A reportagem ouviu vários peritos, que trabalham tanto na capital quanto no interior, e registrou opiniões diferentes sobre o fato. Diretor do Sindicato dos Servidores da Polícia Civil de Minas Gerais, Experidião Porto trabalha na regional de Bom Despacho, Centro-Oeste, atendendo 22 municípios. “Temos um raio de atuação de 600km e trabalhamos sempre sozinhos, dirigindo uma viatura com problemas mecânicos e 180 mil km rodados. Como vou chegar a um acidente na BR-262 se estou atendendo uma descoberta de cadáver em uma cidade distante?”, diz ele.
O perito André Gomes faz plantão no setor de crimes contra o patrimônio em BH, além de coordenar as equipes. Ele já trabalhou nas regionais de Santa Luzia, Contagem e Betim e confirma as informações de que apenas um perito atua no plantão, sozinho e com veículos em mau estado de conservação. Porém, garante que a quantidade de funcionários de plantão é suficiente. “Já trabalhei dessa forma e garanto que dá para atender a demanda. Situações de exceção ocorrem, mas não podemos pautar nossos quadros pelas exceções. Já tivemos casos em que o perito avisou a chefia que não daria tempo de chegar ao local de uma ocorrência e o chefe se deslocou para fazer a perícia”, garante ele.
Apesar de ter certeza que o plantão dá conta do recado, o chefe da Divisão de Perícias da PC afirma que há problemas principalmente no expediente, em regionais como Betim. Para tentar melhorar esse quadro, começam em 18 de março as inscrições para o concurso de perito da Polícia Civil, com 95 vagas. “É claro que pontualmente vamos solucionar problemas em plantões, mas a maior parte dos concursados vai reforçar o expediente”, informa André Gomes. A expectativa é de que os novos peritos comecem a trabalhar no fim de 2013, depois de passarem por curso na Academia de Polícia (Acadepol).
Os donos da rodovia
O barulho das rodas no asfalto dá a impressão de estar em uma arquibancada assistindo uma corrida de Fórmula 1. Se fosse para enquadrar esses veículos em alguma competição, o mais lógico seria a Fórmula Truck, já que os caminhões de minério é que são os protagonistas da BR-040, especialmente no trecho entre Congonhas e Itabirito, na Região Central, Nova Lima, na região metropolitana, e Belo Horizonte. A maioria trafega pela rodovia sem lona de proteção, o que contribui para manter a sinalização suja e aumenta o risco de pedradas nos vidros dos carros pequenos ou nos motoqueiros. Em cinco minutos que a reportagem do EM ficou na entrada do Viaduto Márcio Alves Martins, substituto do antigo Viaduto das Almas, foram 13 caminhões, sendo 11 sem lona e dois com uma rede protetora que não barra a passagem da poeira.

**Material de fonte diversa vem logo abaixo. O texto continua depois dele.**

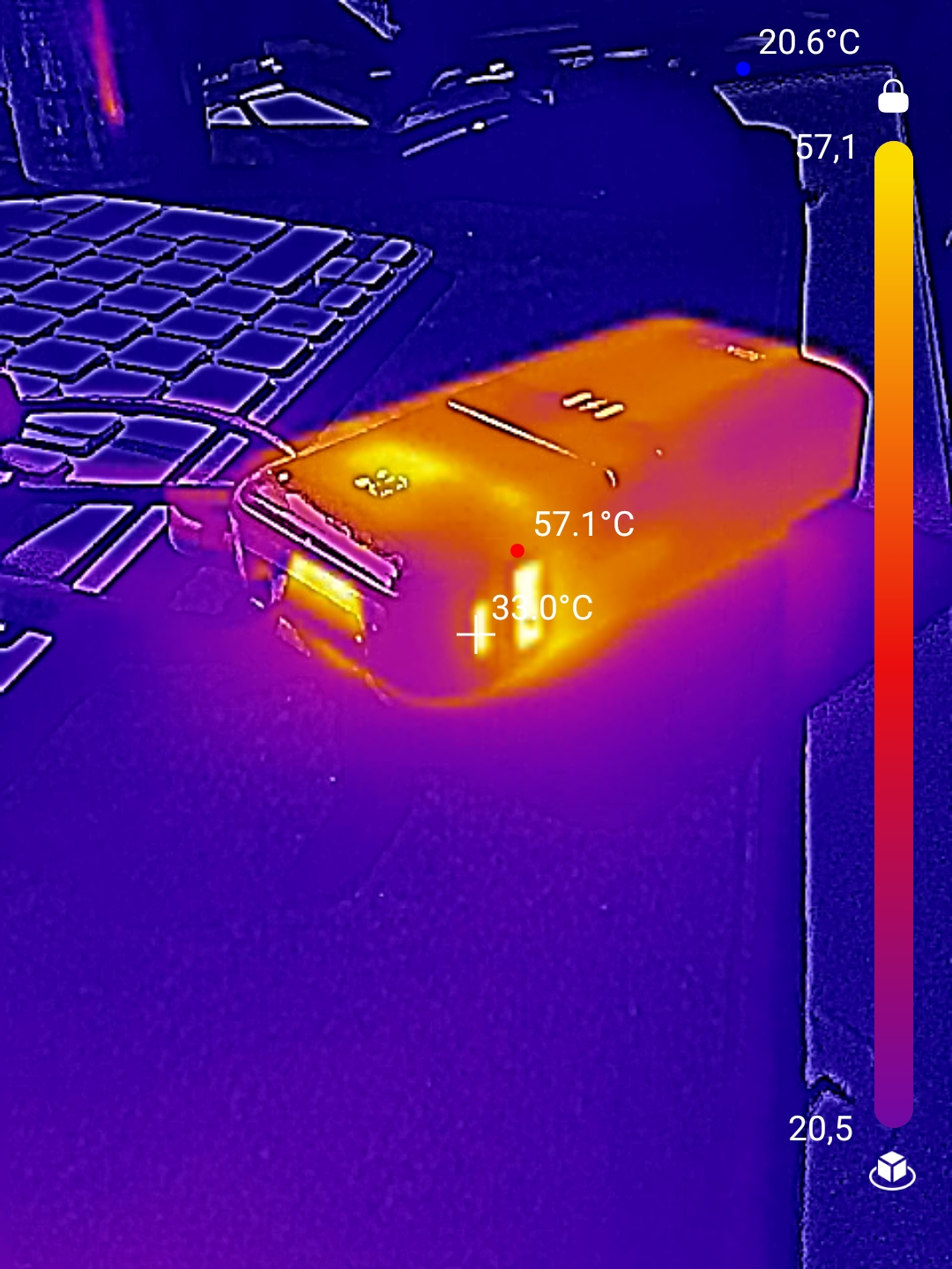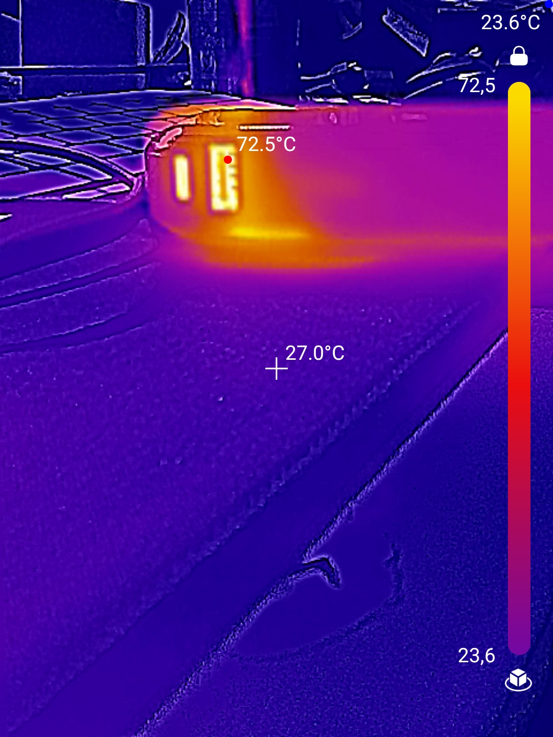 Allerdings offenbart sich bei hoher Belastung ein Problem: Unter Volllast wird die Powerbank mit über 40 Grad sehr warm und unterbricht mehrfach die Stromverbindung aufgrund von Überhitzung. Dies ist ein deutlicher Nachteil, besonders wenn man leistungshungrige Geräte wie Laptops längere Zeit mit Strom versorgen möchte.
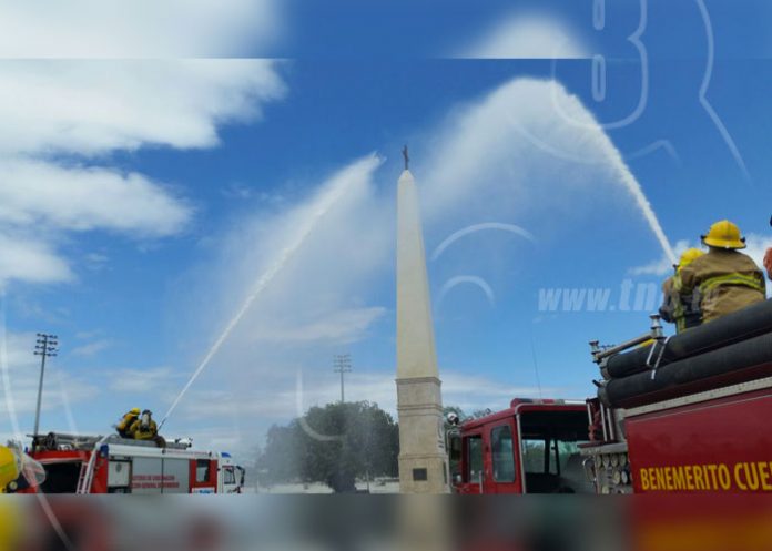 La práctica consistió en conectar desde un hidrante a un carro de bomberos, los miembros extendieron una manguera que al mismo tiempo se conectó con otras dos unidades bomberiles, en sí realizaron una conexión de 5 cuadras, desde el parque central de Managua hasta la Plaza La Fe.
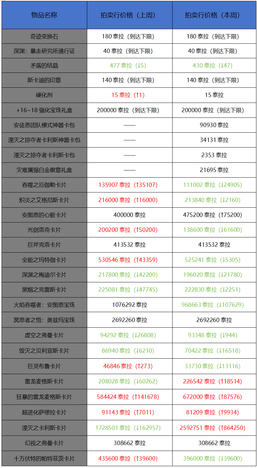 26年第一周的搬砖道具价格依旧惨不忍睹,满屏的绿字,包括矛盾在内,玩家能简单获得的大部分道具价格都出现了大幅度的降价,就连安徒恩宝珠的价格都降到了96万泰拉,这玩意真的有人在拍卖购买吗?都已经到26年了,安徒恩普通团本即将淘汰,这些竞拍附魔道具价格的起拍价依旧坚如磐石,硬卡着起拍价,来抬高道具的价值,希望后面困难竞拍能下调它们的起拍价
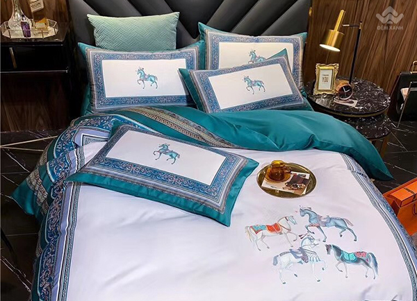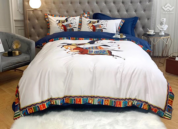 Bộ chăn ga gối được dệt từ lụa 100s nhập khẩu. Mật độ của sợi cũng gấp 2 lần dòng vải lụa cơ bản giúp nâng cao cấp đặc tính chăm sóc giấc ngủ. Thiết kế của bộ chăn ga này được lấy cảm hứng từ văn hóa Á Đông, hình ảnh của những chú ngựa dũng mãnh thể hiện sự thành công và may mắn. Đây quả thực được xem là món quà ý nghĩa trong dịp năm mới hoặc tân gia.
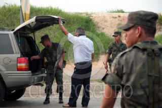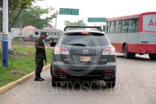 VILLAHERMOSA, TABASCO, 29MAYO2009.- Elementos de la 30 Zona Militar realizan revisiones aleatorias en automotores sospechosos, ya que continua la búsqueda de 25 sicarios que participaron a bordo de seis comboys vehiculares para intentar privarle la vida al subprocurador de justicia local. Los retenes están establecidos sobre las entradas y salidas de la ciudad; carretera a Macuspana, carretera a Teapa, carretera a Cárdenas y carretera a Centla, en donde también vigilan elementos de la Policía Estatal de Seguridad Pública. FOTO: MARCO POLO GUZMÁN HERNÁNDEZ/CUARTOSCURO.COM

Chega a espantar a velocidade em que circulam os veículos pesados da mineração que seguem no sentido BH. Apesar de a descida impor respeito, o que se percebe é uma confiança excessiva nos freios, já que os motoristas não se preocupam em conter os pesos pesados e chegam a invadir o acostamento para aproveitar a curva antes do viaduto.
Morador da capital, o conselheiro fiscal do Condomínio Retiro do Chalé, em Brumadinho, na Grande BH, Eugênio Botelho, reclama da forma como os condutores dirigem os caminhões. “Esses veículos de minério trafegam como se fossem loucos e falta iluminação em alguns trechos da BR-040, piorando ainda mais a situação durante a noite. Essa é a rotina diária nas proximidades do Retiro do Chalé”, afirma. O executivo comercial Fábio de Carvalho, de 43 anos, chama a atenção para o estrago feito pelos caminhões na pista da direita da BR-040. “Como o asfalto já está completamente desgastado, eles acabam andando em alta velocidade pela pista da esquerda, contribuindo para piorar a situação do outro lado e aumentando a insegurança dos demais motoristas de carros menores”, diz.
O empresário Ailton Faria, de 52, reclama dos caminhões de minério, pois já trocou três vezes o para-brisa da caminhonete que precisa dirigir diariamente na BR-040 por Lafaiete, Congonhas e Itabirito. “Quando eles circulam sem lona, é cada pedrada que bate no vidro que a gente assusta”, diz ele.
AUTUAÇÕES FREQUENTES Segundo a Polícia Rodoviária Federal (PRF), os caminhões de minério têm sido autuados com frequência por duas razões. Uma é pela ausência da proteção que barra o minério nas caçambas além da falta de lavagem dos veículos antes de saírem das minas. A outra é o excesso de peso, confirmado pela comparação entre a nota fiscal e a capacidade dos caminhões e também por meio das balanças particulares.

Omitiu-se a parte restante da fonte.